The references for Protposer and some related ones appear at the Bibliography section.

Methodology

To propose potentially stabilizing mutations, this web application extracts and calculates different features of the protein, both of its structure and sequence, using the information supplied by the user in the form of a Protein Data Bank(PDB) file or ID. The two key phases of the workflow are proposal of mutations and evaluation of the mutations (including scoring)

Protposer functioning

Figure 1 shows the basic steps performed when servicing a request to Protposer. Once the input form is submitted and its correctness is checked, it is queued until previous requests are finished. Protposer then prepares the input file for the calculations and starts with the algorithm for the proposal of mutations. Then, all proposed mutations are evaluated and scored according to the logistic regression model. After the calculations, the HTML summary of the results is generated and sent to the e-mail address provided by the user. The section “Theory behind the project” describes in detail the theoretical basis and functioning of the modules in the proposal and evaluation steps.

Input

There are two ways of introducing the protein structure to Protposer: as a PDB file or as a PDB id referring to a PDB file in the worldwide Protein Data Bank (wwPDB). The algorithm is designed for working with only one chain, so the selection of a chain is required too. A general explanation of the fields to fill in the input form follows.

Title of the job

A short title (max. 200 characters) to help the user identify the request when receiving the e-mail with the results. In addition, Protposer provides a unique identifier for the job request.

Protein structure

The protein structure can be provided in two ways, which can be selected using the radio buttons. The way not selected will appear as disabled.
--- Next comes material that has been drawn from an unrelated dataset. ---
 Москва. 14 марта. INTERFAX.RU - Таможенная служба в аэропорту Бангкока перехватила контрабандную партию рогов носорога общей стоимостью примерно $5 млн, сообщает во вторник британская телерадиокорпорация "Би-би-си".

  • The structure is provided by the user as a text file following the PDB format (see http://www.wwpdb.org/docs.html). Protposer allows for the search of the PDB structure in the user’s computer for later upload. If the PDB contains several chains, Protposer will generate a file with only the chain on which calculations will be performed.
  • A PDB identifier (4 characters) is provided, identifying a PDB file in the worldwide Protein Data Bank (http://www.wwpdb.org), from which the PDB file will be downloaded and processed as in the case before.

Chain

The chain on which the calculations are going to be performed must be indicated, as the algorithm does not support currently the study of interaction between two chains of a protein. For the study of stabilization on different chains of the same PDB structure, several jobs must be sent.

E-mail address

An e-mail address where the results will be sent must be provided. Please, double check that you enter it right, since if the address is misspelled, the results will get lost. We only use the e-mail address for the purpose of sending the results and for monitoring the fair use of this service.

Academic use checkbox

As some of the software used for the calculations is only free for academic, non-commercial use, we must ensure that the use of our whole web application is also only free for academic, non-commercial use, so checking this box is a requisite for starting the calculations. If you belong to a non-academic corporation, get in touch with us at This email address is being protected from spambots. You need JavaScript enabled to view it. to enquire for possibilities of use.

Results

You will receive an e-mail with the results of the calculations. This e-mail will contain a body section and will attach a summary of the calculations as a HTML summary. The e-mail will have the subject Protposer Results (job 47) (with your job id instead of 47). If Protposer had problems when doing the calculations, you will receive instead an e-mail with the subject Protposer error (job 47).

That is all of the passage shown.